> **WORK ORDER**
Leave out all pictures while repeating the records exactly and completely.

> **PROVIDED RECORDS**
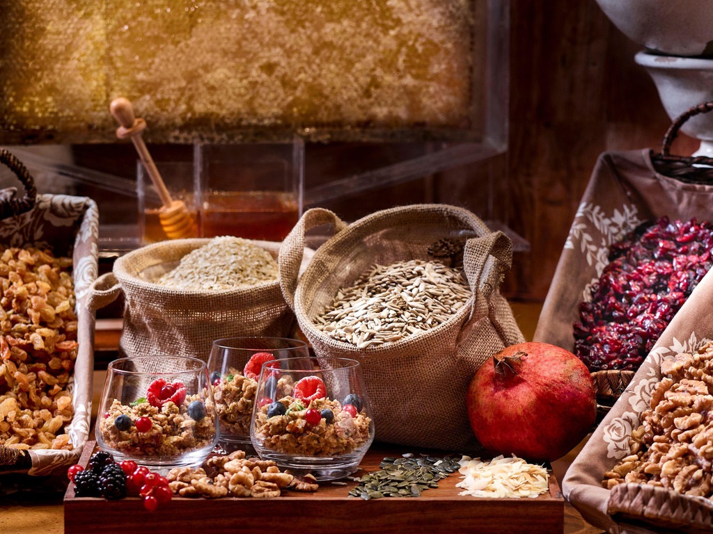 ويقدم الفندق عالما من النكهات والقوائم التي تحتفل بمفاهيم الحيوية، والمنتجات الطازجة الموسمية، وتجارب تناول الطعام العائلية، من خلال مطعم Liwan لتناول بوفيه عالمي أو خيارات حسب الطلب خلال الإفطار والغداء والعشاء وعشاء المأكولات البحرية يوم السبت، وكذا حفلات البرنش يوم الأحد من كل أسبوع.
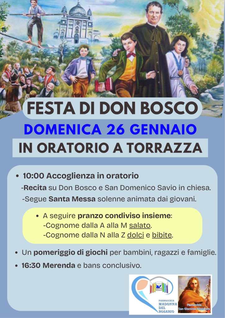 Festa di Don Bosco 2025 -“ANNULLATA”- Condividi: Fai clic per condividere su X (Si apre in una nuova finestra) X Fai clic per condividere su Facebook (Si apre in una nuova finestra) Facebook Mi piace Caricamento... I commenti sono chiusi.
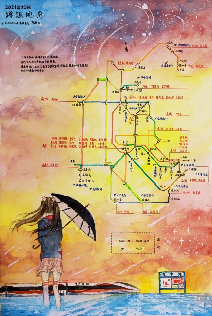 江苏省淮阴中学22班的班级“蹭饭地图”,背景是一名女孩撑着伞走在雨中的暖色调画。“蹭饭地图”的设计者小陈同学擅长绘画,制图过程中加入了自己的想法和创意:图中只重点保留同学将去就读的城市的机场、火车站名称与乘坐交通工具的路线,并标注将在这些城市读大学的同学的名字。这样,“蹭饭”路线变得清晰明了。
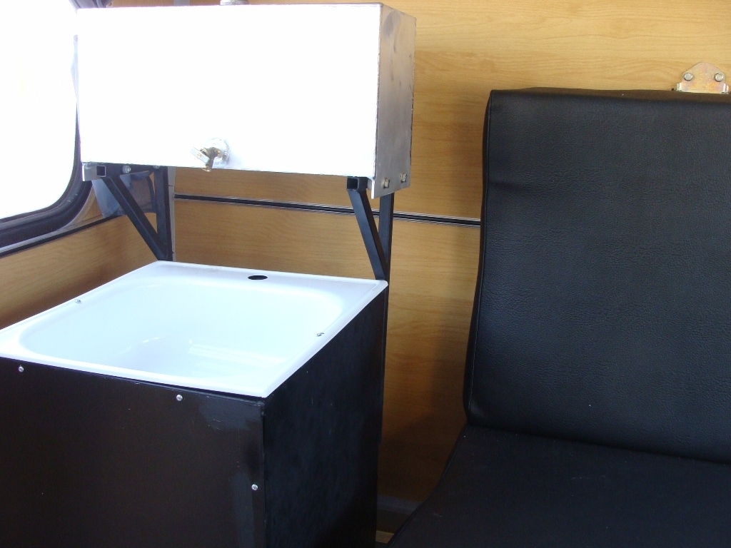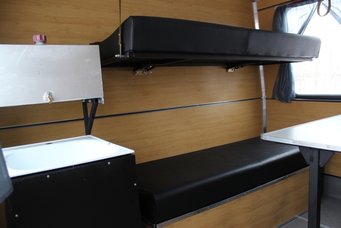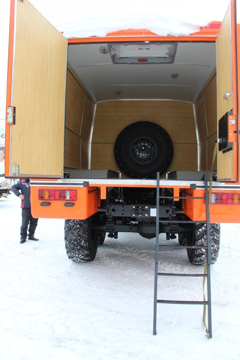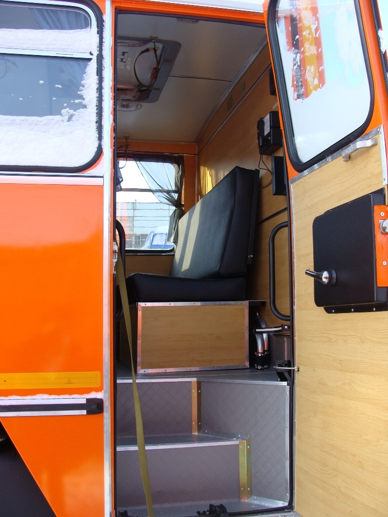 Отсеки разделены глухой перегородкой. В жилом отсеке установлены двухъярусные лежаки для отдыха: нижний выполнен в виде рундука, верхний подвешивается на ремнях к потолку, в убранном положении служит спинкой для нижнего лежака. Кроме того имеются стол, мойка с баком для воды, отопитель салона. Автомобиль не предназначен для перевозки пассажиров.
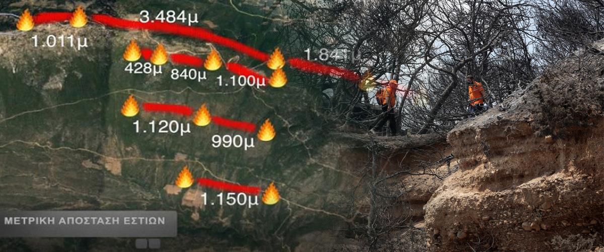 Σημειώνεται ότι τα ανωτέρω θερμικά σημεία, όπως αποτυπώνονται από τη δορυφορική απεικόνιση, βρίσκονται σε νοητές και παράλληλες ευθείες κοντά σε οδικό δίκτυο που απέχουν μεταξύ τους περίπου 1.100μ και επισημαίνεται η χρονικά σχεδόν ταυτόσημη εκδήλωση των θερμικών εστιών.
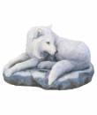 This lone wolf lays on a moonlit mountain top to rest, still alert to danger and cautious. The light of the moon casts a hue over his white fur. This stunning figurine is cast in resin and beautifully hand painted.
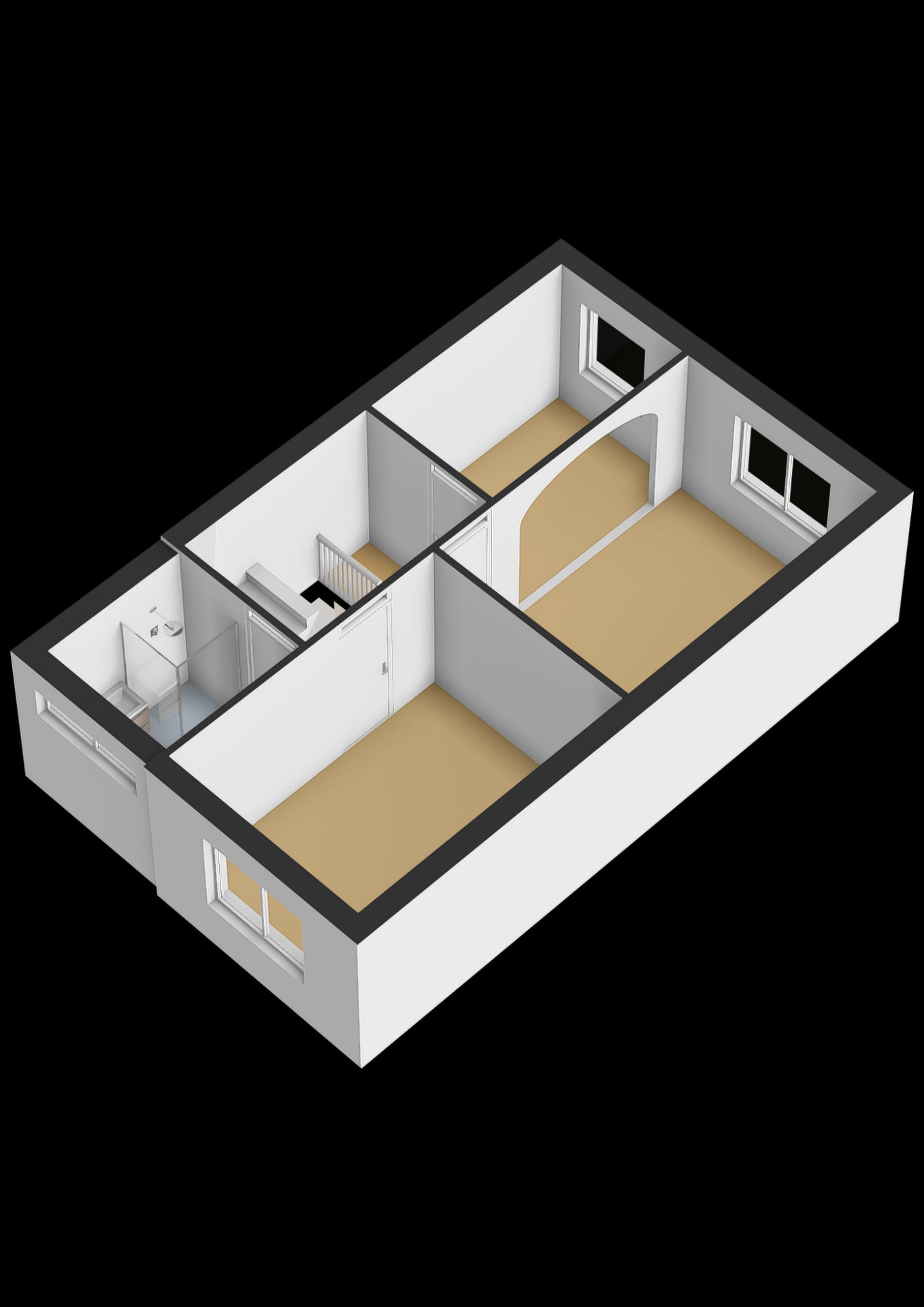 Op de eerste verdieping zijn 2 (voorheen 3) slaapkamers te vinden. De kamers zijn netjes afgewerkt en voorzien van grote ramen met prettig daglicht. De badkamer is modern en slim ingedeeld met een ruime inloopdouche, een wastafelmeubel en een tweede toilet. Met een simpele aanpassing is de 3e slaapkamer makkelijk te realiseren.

> **COMPLETED TASK**
 ويقدم الفندق عالما من النكهات والقوائم التي تحتفل بمفاهيم الحيوية، والمنتجات الطازجة الموسمية، وتجارب تناول الطعام العائلية، من خلال مطعم Liwan لتناول بوفيه عالمي أو خيارات حسب الطلب خلال الإفطار والغداء والعشاء وعشاء المأكولات البحرية يوم السبت، وكذا حفلات البرنش يوم الأحد من كل أسبوع.
 Festa di Don Bosco 2025 -“ANNULLATA”- Condividi: Fai clic per condividere su X (Si apre in una nuova finestra) X Fai clic per condividere su Facebook (Si apre in una nuova finestra) Facebook Mi piace Caricamento... I commenti sono chiusi.
 江苏省淮阴中学22班的班级“蹭饭地图”,背景是一名女孩撑着伞走在雨中的暖色调画。“蹭饭地图”的设计者小陈同学擅长绘画,制图过程中加入了自己的想法和创意:图中只重点保留同学将去就读的城市的机场、火车站名称与乘坐交通工具的路线,并标注将在这些城市读大学的同学的名字。这样,“蹭饭”路线变得清晰明了。
 Отсеки разделены глухой перегородкой. В жилом отсеке установлены двухъярусные лежаки для отдыха: нижний выполнен в виде рундука, верхний подвешивается на ремнях к потолку, в убранном положении служит спинкой для нижнего лежака. Кроме того имеются стол, мойка с баком для воды, отопитель салона. Автомобиль не предназначен для перевозки пассажиров.
 Σημειώνεται ότι τα ανωτέρω θερμικά σημεία, όπως αποτυπώνονται από τη δορυφορική απεικόνιση, βρίσκονται σε νοητές και παράλληλες ευθείες κοντά σε οδικό δίκτυο που απέχουν μεταξύ τους περίπου 1.100μ και επισημαίνεται η χρονικά σχεδόν ταυτόσημη εκδήλωση των θερμικών εστιών.
 This lone wolf lays on a moonlit mountain top to rest, still alert to danger and cautious. The light of the moon casts a hue over his white fur. This stunning figurine is cast in resin and beautifully hand painted.
 Op de eerste verdieping zijn 2 (voorheen 3) slaapkamers te vinden. De kamers zijn netjes afgewerkt en voorzien van grote ramen met prettig daglicht. De badkamer is modern en slim ingedeeld met een ruime inloopdouche, een wastafelmeubel en een tweede toilet. Met een simpele aanpassing is de 3e slaapkamer makkelijk te realiseren.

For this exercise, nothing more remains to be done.